13.1.3 Cluster Level Cache Performance Page

This page displays the cache related performance over a specified period of time. You can view the performance of the top caches or all the caches.

Figure 13-3 Cluster Level Cache Performance

Select the All Caches option from the drop-down list to view the performance of all the caches in the cluster. If you select the All Caches option, you can see the total and average metric values over the selected period of time.

13.1.4 Cluster Level Connection Performance Page

This page shows the performance of all connection managers and connections in the cluster. The following Connection Manager graphs are displayed:

Top Connection Managers with Most Bytes Sent since the connection manager was last started.
Top Connection Managers with Most Bytes Received since the connection manager was last started.

A table with the list of Connection Managers is displayed with the following details:

Connection Manager: This is the name of the connection manager. It indicates the Service Name and the Node ID where the Service Name is the name of the service used by this Connection Manager. Click on the link to drill down to the Connection Manager Home page.
Service: The name of the service. Click on the link to drill down to the Service Home page.
Node ID: An ID is automatically assigned to any node that is part of the cluster.
Bytes Sent: The number of bytes sent per minute.
Bytes Received: The number of bytes received per minute.
Outgoing Buffer Pool Capacity: The maximum size of the outgoing buffer pool.
Outgoing Buffer Pool Size: The currently used value of the outgoing buffer pool.
Outgoing Message Backlog: The number of outgoing messages in the backlog
Outgoing Byte Backlog: The number of outgoing bytes in the backlog.

The following Connection related graphs are displayed:

Top Connections with Most Bytes Sent since the connection was last started.
Top Connections with Most Bytes Received since the connection was last started.

A table with the list of connections is displayed. Click on the link to drill down to the Details page.

Remote Client: The host on which this connection exists.
Up Since: The date and time from which this connection is running.
Connection Manager: This is the name of the connection manager. Click on the link to drill down to the Connection Manager Home page.
Service: The name of the service. Click on the link to drill down to the Service Home page.
Node ID: An ID is automatically assigned to any node that is part of the cluster.
Bytes Sent: The number of bytes sent per minute.
Bytes Received: The number of bytes received per minute.
Connection Time: The connection time in minutes.
Outgoing Message Backlog: The number of outgoing messages in the backlog.
Outgoing Byte Backlog: The number of outgoing bytes in the backlog.

13.1.5 Cluster Level Administration Page

This page allows you to compare configurations of nodes, caches, and services.

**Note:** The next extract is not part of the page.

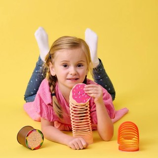 Šis spyruoklinis žaislas nuo seno yra labai mėgstamas tiek vaikų tiek suaugusių! Spyruoklė lengvai nusileidžia laiptais arba gali būti smagus miklumo iššūkis. Spyruoklė yra dviejų spalvų ir užsegtais galais. Galuose pavaizduota smagi spurga.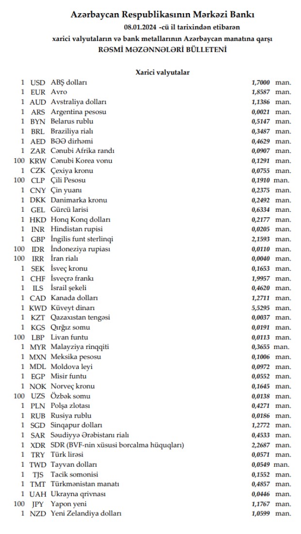 Dolların sabah üçün rəsmi məzənnəsi müəyyən olunub

Figure 13-4 Cluster Level Administration Page

On this page, you can do the following:

Change Configuration: Select an entity (node, cache, connection manager, connection, or service) for which the configuration needs to be modified and click Go. The Change Configuration page is displayed. Enter the new values and click Update to save the values and return to the Coherence Node Administration page.
Compare Two Entities: To compare two entities (node, cache, connection managers, connections, and services), select the first entity from the first drop-down list, the second entity from the second drop-down list and click Go. You will see the Details page where the details of the selected entities are shown side by side in a two column table.

13.2 Detailed Pages

From the cluster level pages, you can click on any hyperlink and drill down to the detailed home pages of each entity in the cluster. Hyperlinks from one entity allow you to go to another entity. For example, you can view all the nodes of a cache in the Cache Detailed page, identify the node that is not contributing well for this cache, click on the node hyperlink and drill down to the Node Detailed page for further investigation. You can compare that node configuration with other nodes and change its runtime configuration if required.

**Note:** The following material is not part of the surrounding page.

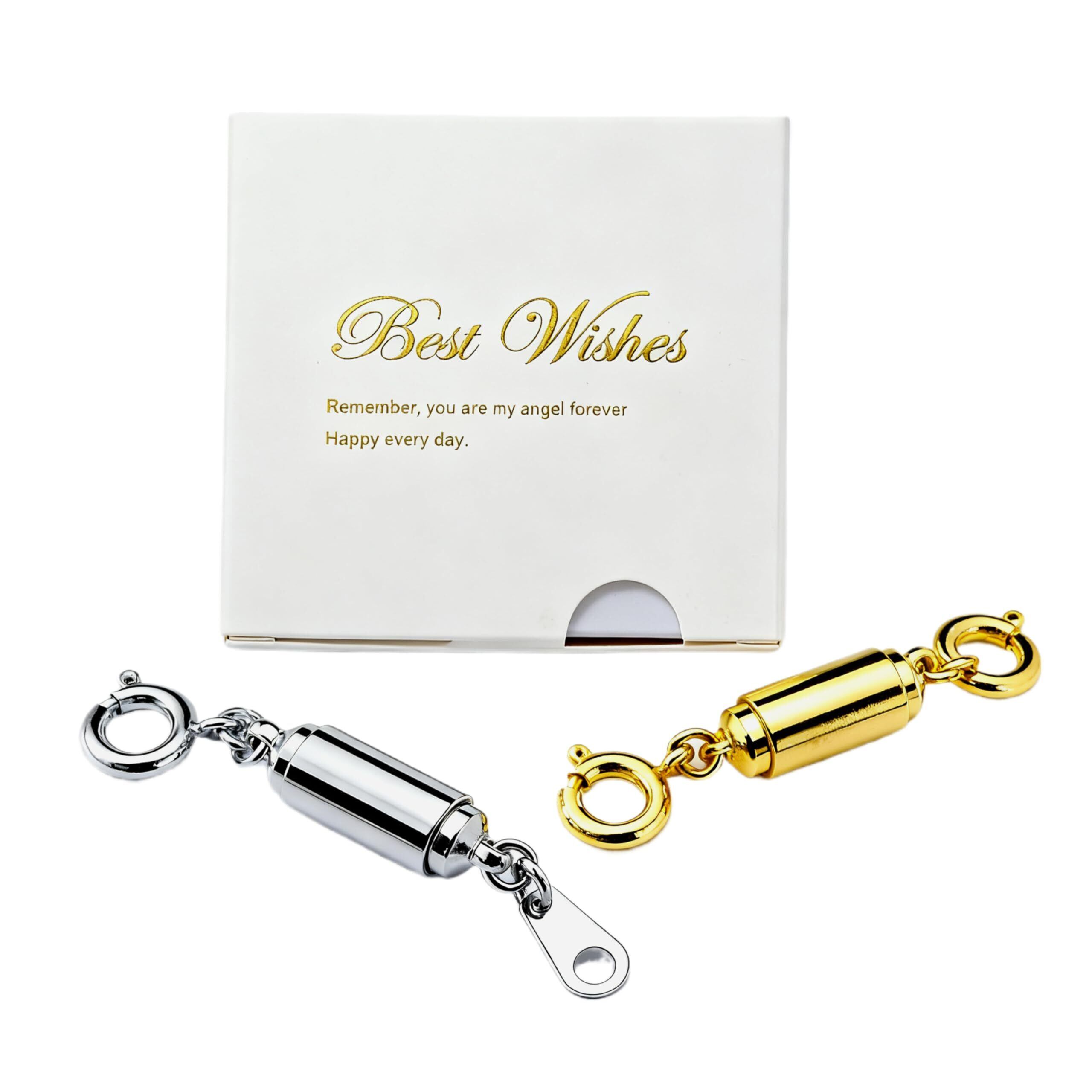 強力な磁気ネックレス留め具2個、ステンレススチール、低アレルギー性、着脱簡単、落下防止、ロック機構、ユニセックス、ゴールドとシルバー

Viewing The Performance Summary: From the Oracle Coherence Cluster menu, select Monitoring, then select Performance Summary. You can view the performance of the node or cache on this page.
Metric and Collection Settings: From the Oracle Coherence Cluster menu, select Monitoring, then select Metric and Collection Settings. You can set up corrective actions to add nodes and caches as Enterprise Manager targets.
Last Collected Configuration: From the Oracle Coherence Cluster menu, select Configuration, then select Last Collected. You can view the latest or saved configuration data for the Coherence cluster.
Topology: From the Oracle Coherence Cluster menu, select Configuration, then select Topology. The Configuration Topology Viewer provides a visual layout of the relationship of the Coherence cluster with other targets.

13.2.1 Node Home Page

This page shows the details and controls of a specific selected node in the Coherence cluster.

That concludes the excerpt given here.